Purpose: To perform deep phenotyping of subjects with PDE6C achromatopsia and examine disease natural history.
Methods: Eight subjects with disease-causing variants in PDE6C were assessed in detail, including clinical phenotype, best-corrected visual acuity, fundus autofluorescence, and optical coherence tomography. Six subjects also had confocal and nonconfocal adaptive optics scanning light ophthalmoscopy, axial length, international standard pattern and full-field electroretinography (ERG), short-wavelength flash (S-cone) ERGs, and color vision testing.
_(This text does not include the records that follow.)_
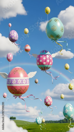 Fototapeta premium Colorful Easter eggs floating in the sky with a rainbow over a green field on...
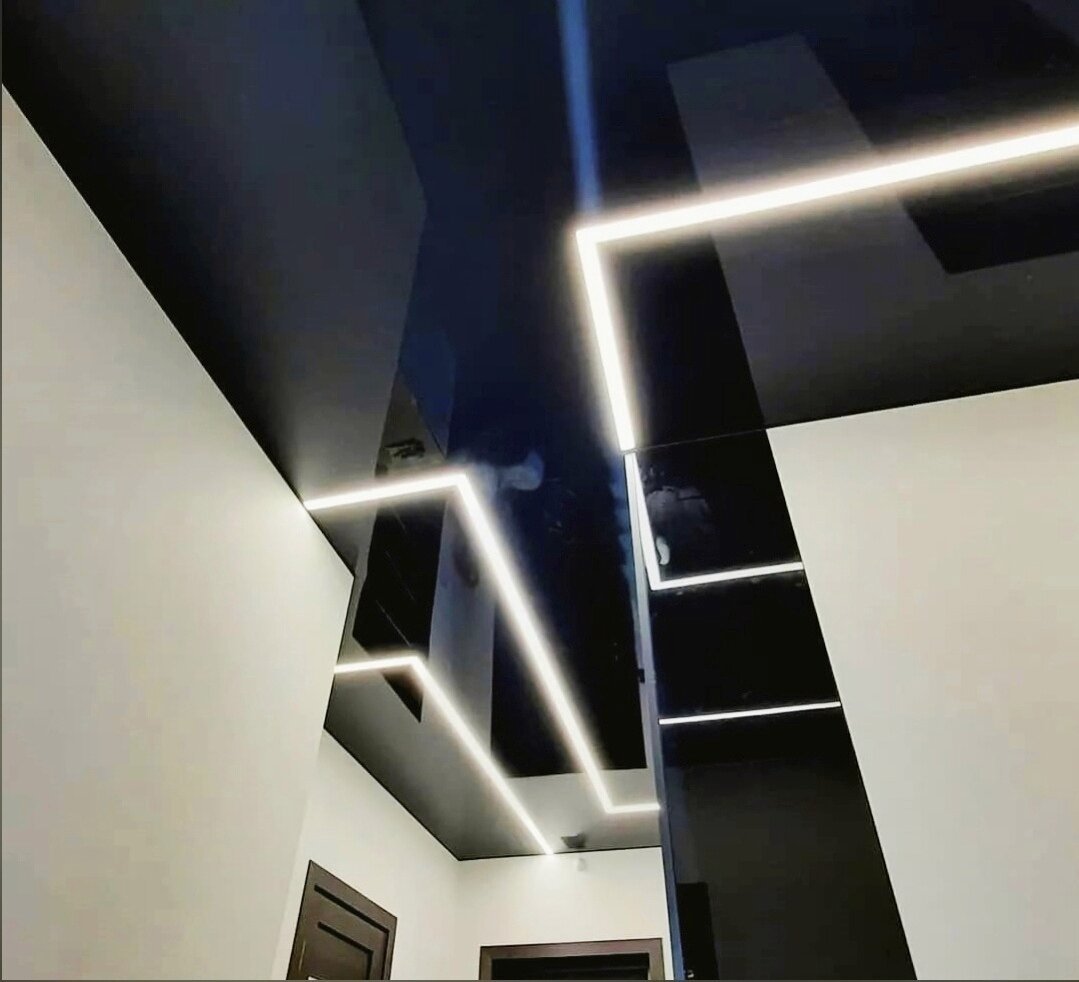 Чёрный глянцевый натяжной потолок в коридоре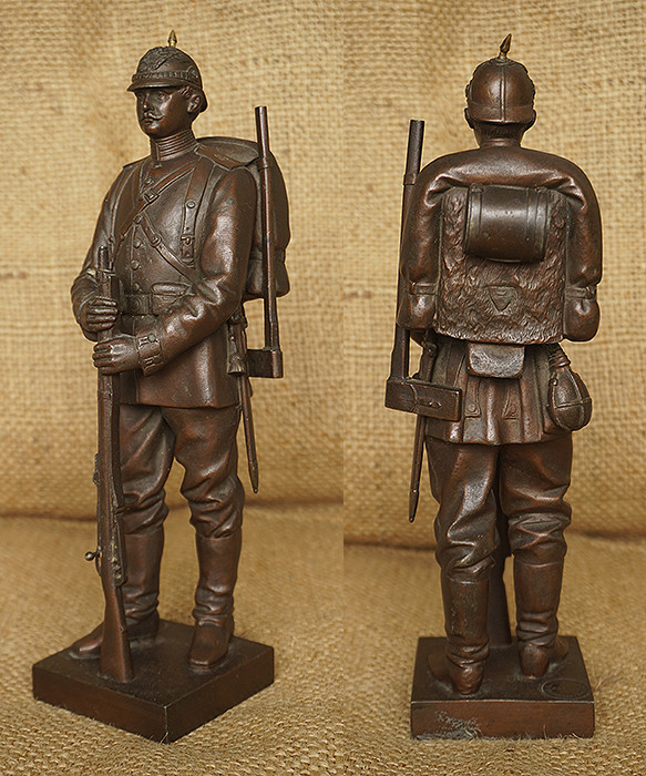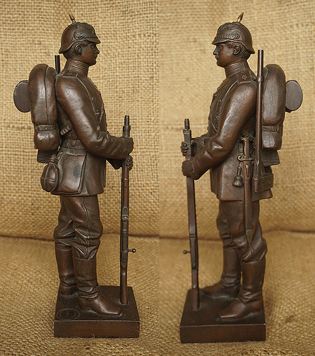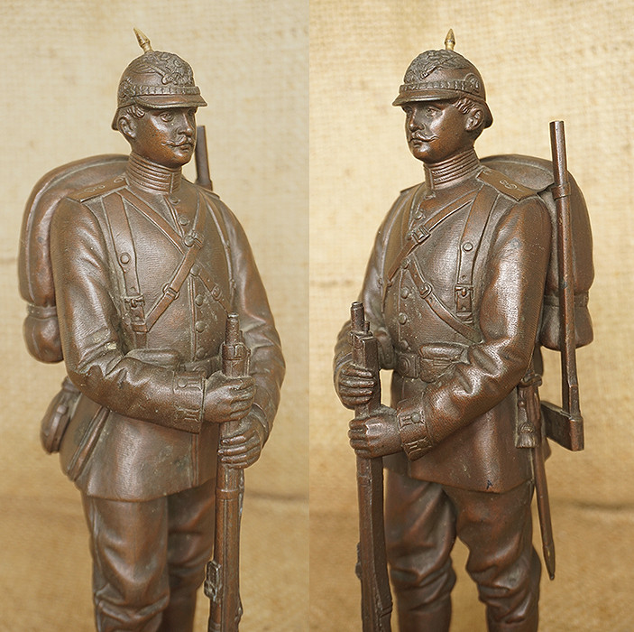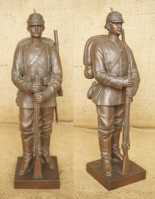 极其少见,高约28厘米,全铜打造,重达1735克,脚部位置带柏林厂标。整体全品相,细节极尽丰满,腰间1871刺,肩章军衔,头盔正面的帝国鹰都完美铸造出来,唯一美中不足的是头盔顶尖少许歪偏。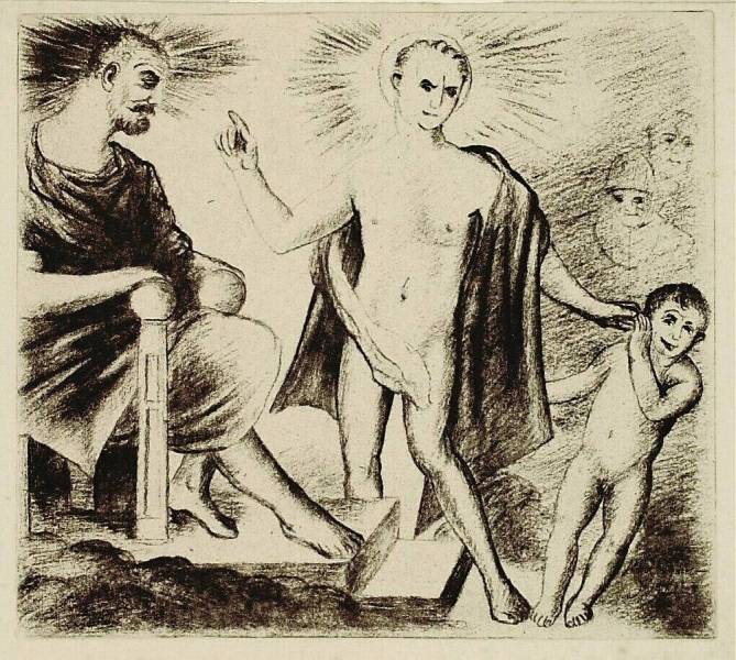 Bijbelse of mythologische voorstelling met kind, begin 20ste eeuw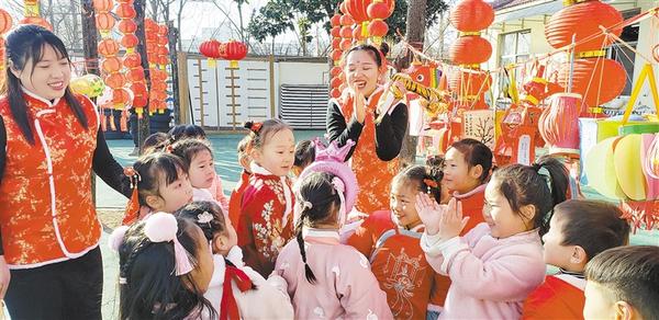 为了更好地继承和弘扬中华优秀传统文化,12月30日上午,周口市实验幼儿园举办“快快乐乐迎新年、喜气洋洋‘赶庙会’”活动,在寓教于乐中,让孩子们切身感受中国传统庙会的文化内涵和独特魅力。图为老师正带领孩子在幼儿园里“赶庙会”。记者 王珂 通讯员 张黎 摄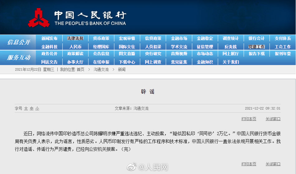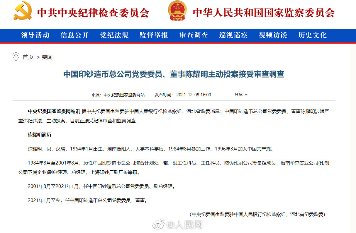 12月8日,中央纪委国家监委网站通报:中国印钞造币总公司党委委员、董事陈耀明涉嫌严重违纪违法,主动投案,目前正接受纪律审查和监察调查。12月22日,针对“网传陈耀明因私印‘同号钞’2万亿被查”消息,中国人民银行货币金银局有关负责人表示,此为谣言,性质恶劣。人民币印制发行有严格的工作程序和技术标准,中国人民银行一直依法依规开展相关工作。我行对造谣、传谣行为严厉谴责,已经向公安机关报案。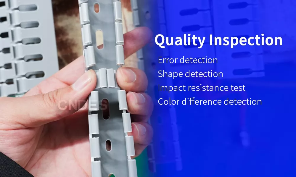राम्रो उत्पादनहरू प्रदान गर्न उच्च-मानक गुणस्तर निरीक्षण आवश्यक छ। CNDES मा, गुणस्तरको हाम्रो खोजी अनन्त छ। हामी हाम्रा ग्राहकहरूलाई भरपर्दो उत्पादनहरू प्रदान गर्न कुनै कसर बाँकी राख्दैनौं। हामीसँग हाम्रा उत्पादनहरूको अनलाइन निरीक्षण सञ्चालन गर्न चारवटा गुणस्तर निरीक्षकहरू छन्। यसले हाम्रो गुणस्तर ८० हाइट स्लटेड PVC स्वचालन केबल डक्टहरू आकारमा वर्गाकार, चिल्लो सतहहरू, स्वीकार्य कठोरता मापदण्डहरू पूरा गर्ने,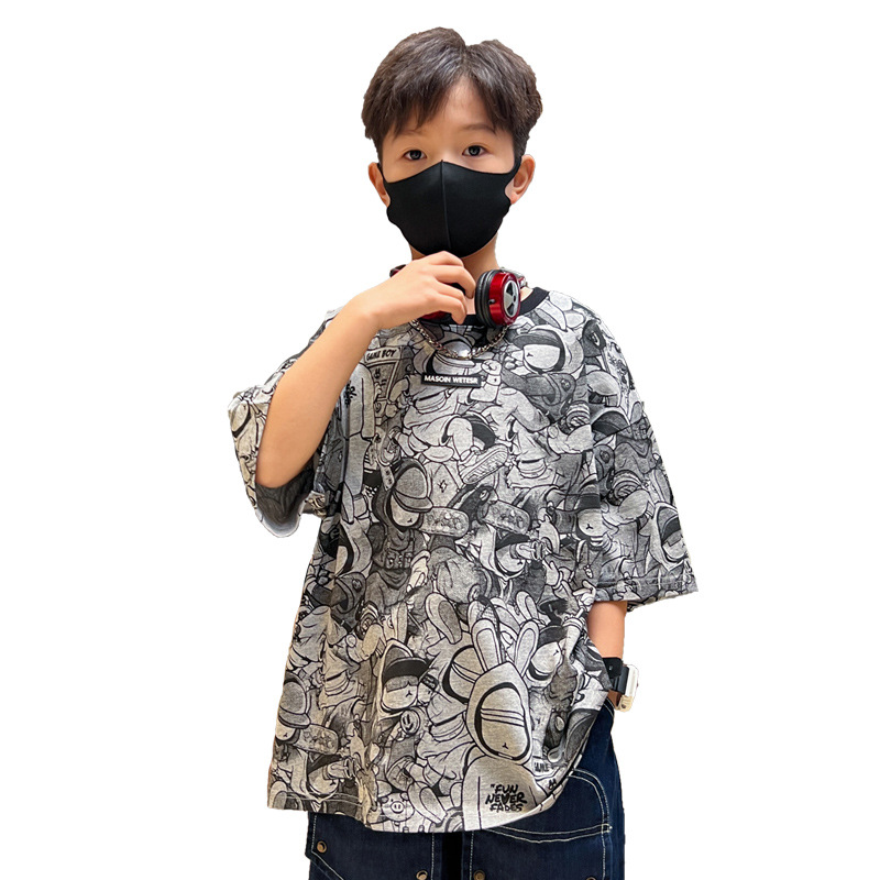 夏季中大男童短袖T恤新款童装儿童男孩卡通t个性潮酷痞帅上衣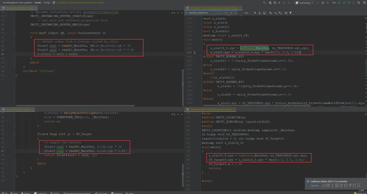 如上代码,有资料简单提了一句说Shader代码编译的时候会自动优化到一次采样里面去,不过并没提是SurfaceShader才有的编译优化还是所有的Shader的编译优化都会这样?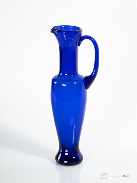 Kobaltowy dzban zaprojektowany przez Zbigniewa Horbowego. Wyprodukowany w Hucie Szkła Artystycznego Barbara.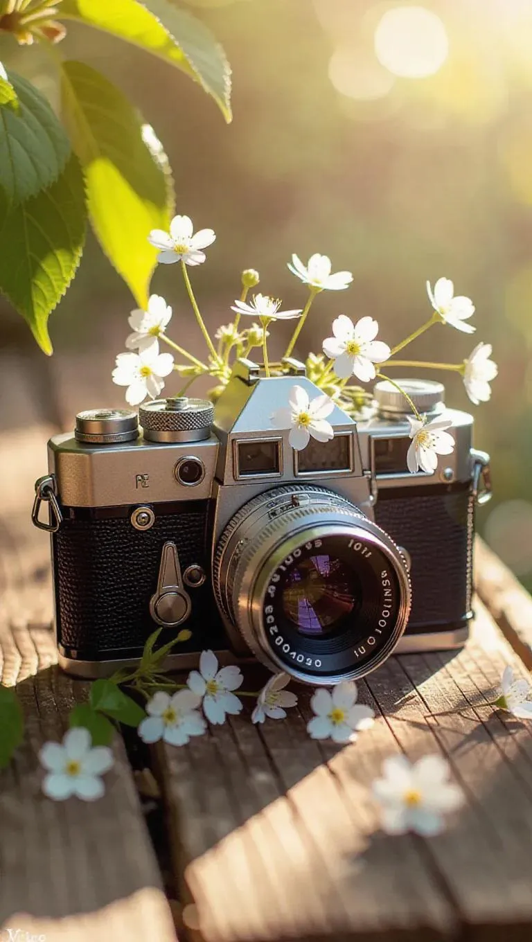 An antique camera with delicate, tiny flowers blossoming from the lens and shutter buttons, creating a whimsical blend of vintage charm and natural beauty. The camera rests on a rustic wooden surface, surrounded by soft, diffused sunlight filtering through leaves, enhancing the serene and magical atmosphere.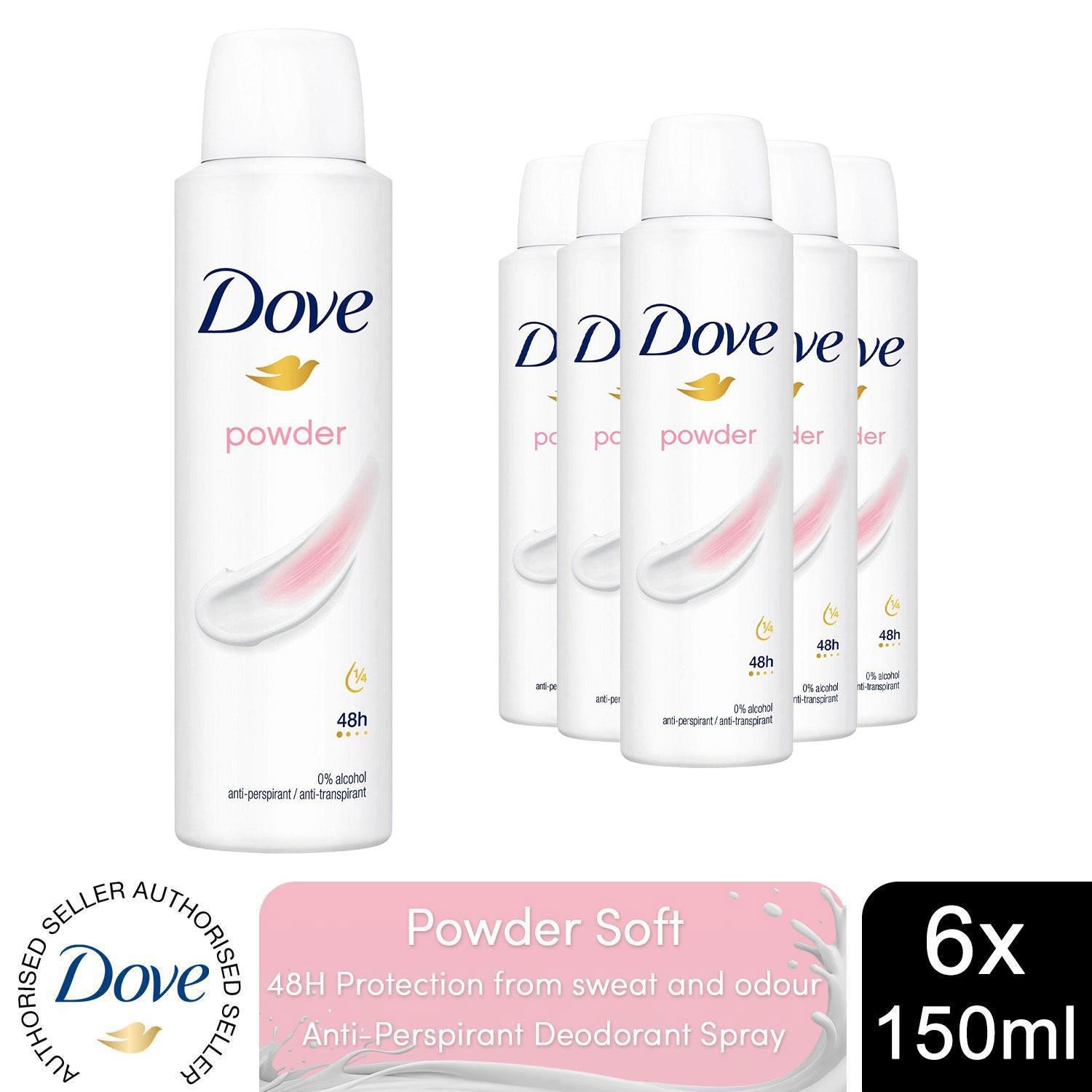 Dove Powder Anti-Perspirant with 48H Sweat Protection Deo for Women 150ml, 6pk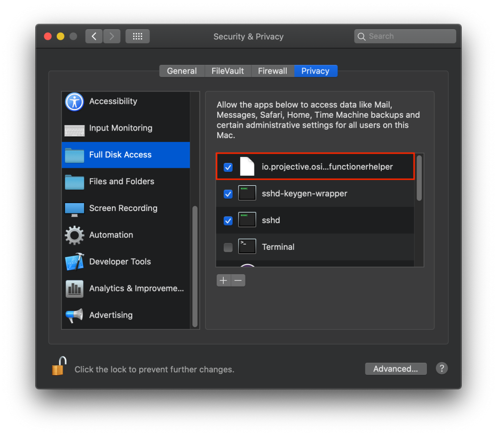 Full Disk AccessOsiris 2 の横にあるトグル ボタンをクリックして設定のロックを解除します。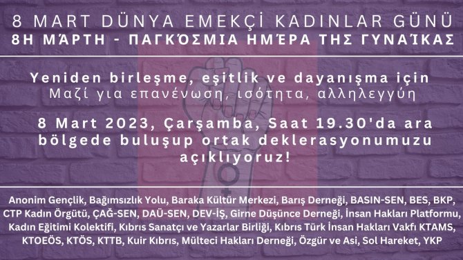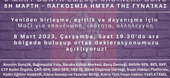 8 Mart Dünya Emekçi Kadınlar Günü nedeniyle, yarın adanın kuzey ve güneyinde yürüyüşler gerçekleştirilecek. Yirminci yüzyıl dönemecindeki kadın işçi hareketlerinin anti-kapitalist ve feminist mücadelelerini onurlandırmak amacıyla ortaya çıkan Dünya Kadınlar Günü nedeniyle yarın birçok örgütün katılacağı 8 Mart yürüyüşü düzenleniyor. Adanın kuzeyindeki yürüyüş, 40'tan fazla örgütün katılımıyla saat 17.30’da Kumsal Park’ta başlayacak. Buradan Meclis’e yürüyecek olan örgütlerin bir kısmı daha sonra Ledra Palas Sınır Kapısı’ndan geçerek ara bölgeye gidecek. Ara bölgede PEO ve POGO ile buluşacak olan kortej, “Yeniden Birleşme, Eşitlik Ve Dayanışma İçin Hep Birlikte” başlıklı basın açıklamasını okuyacak.
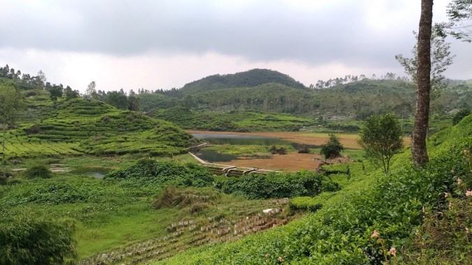 Di jalanan berbatu yang menurun ini, situasinya selalu sama, sisi sebelah kanan kebun teh dan sisi sebelah kiri hutan atau jurang. Kami sempat ragu karena ada beberapa cabang jalan di bagian dalam. Dalam keadaan begini, kami biasanya menugaskan beberapa orang sebagai advance ke masing-masing cabang jalan untuk memastikan jalur yang benar. Akhirnya kami tiba juga di jalur menanjak sebuah bukit dan di sisi kiri terhampar danau alam berukuran kecil yang indah. Beberapa kawan langsung menuruni jalan setapak di antara pohon-pohon teh untuk menuju danau. Di siang yang cerah ini, pemandangan danau terasa sangat indah dan membuat betah kami semua.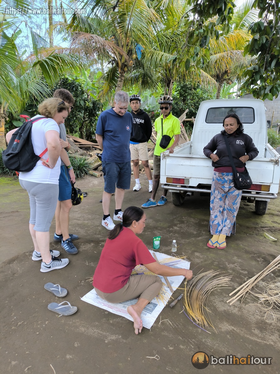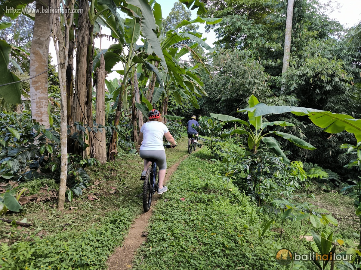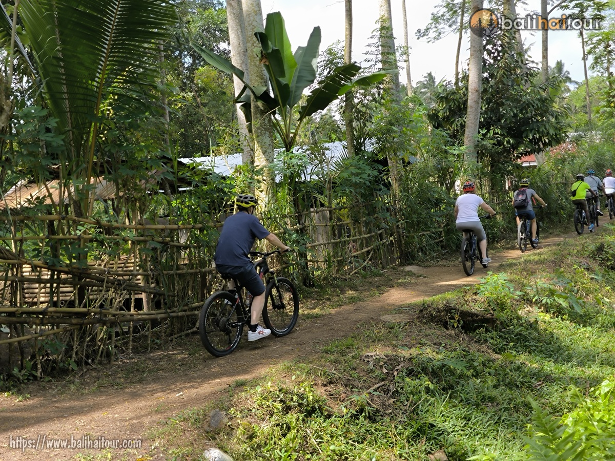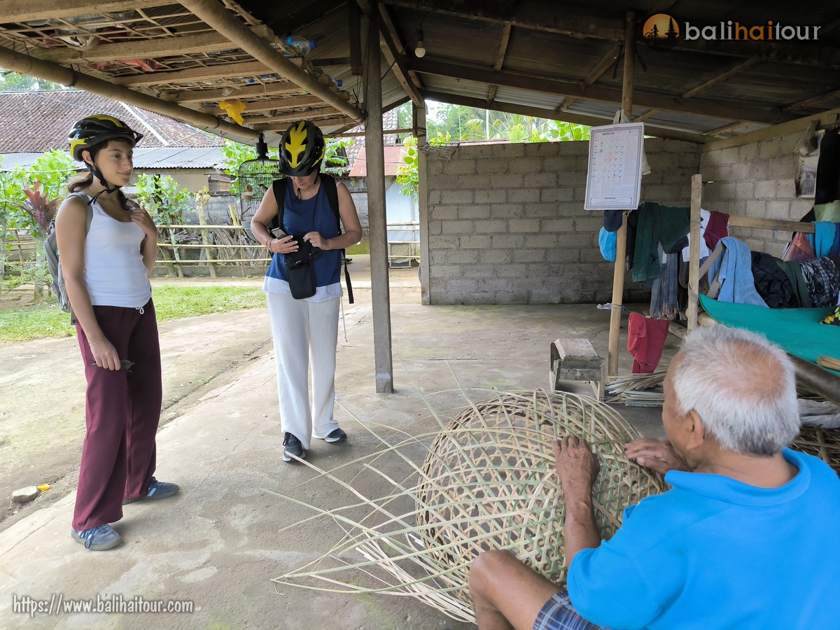 Bali countryside cycling tour photos from our 2025 Italian guests, showing rides through bamboo forest, lush rice paddies, Kehen Temple, village farms, traditional handicrafts, and hidden back-road scenery
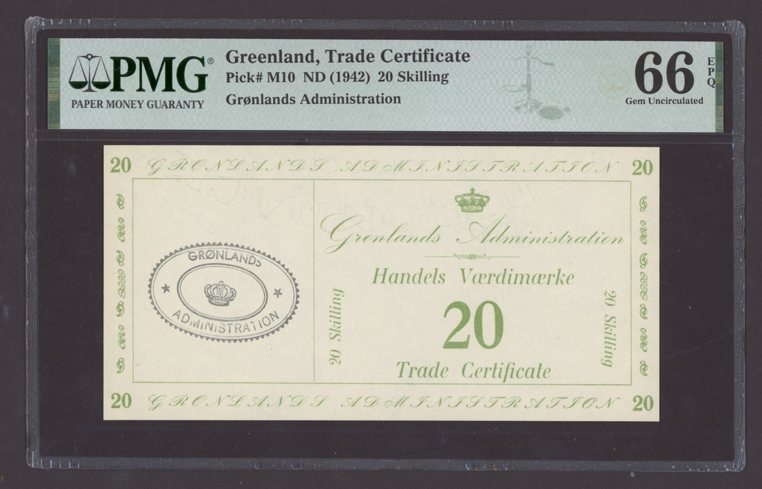 Greenland, Danish Administration, 20 Skilling, ND (1942), (Pick M10), in PMG holder 66 EPQ Gem Uncirculated, scarce, especially in such a high grade

Results: All subjects presented with early-onset nystagmus, decreased best-corrected visual acuity, light sensitivity, and severe color vision loss, and five of them had high myopia. We identified three novel disease-causing variants and provide phenotype data associated with nine variants for the first time. No subjects had foveal hypoplasia or residual ellipsoid zone (EZ) at the foveal center; one had an absent EZ, three had a hyporeflective zone, and four had outer retinal atrophy. The mean width of the central EZ lesion on optical coherence tomography at baseline was 1923 μm. The mean annual increase in EZ lesion size was 48.3 μm. Fundus autofluorescence revealed a central hypoautofluorescence with a surrounding ring of increased signal (n = 5). The mean hypoautofluorescent area at baseline was 3.33 mm2 and increased in size by a mean of 0.13 mm2/year. Nonconfocal adaptive optics scanning light ophthalmoscopy revealed residual foveal cones in only one of two cases. Full-field ERGs were consistent with severe generalized cone system dysfunction but with relative preservation of S-cone sensitivity.
Conclusions: PDE6C retinopathy is a severe cone dysfunction syndrome often presenting as typical achromatopsia but without foveal hypoplasia. Myopia and slowly progressive maculopathy are common features. There are few (if any) residual foveal cones for intervention in older adults.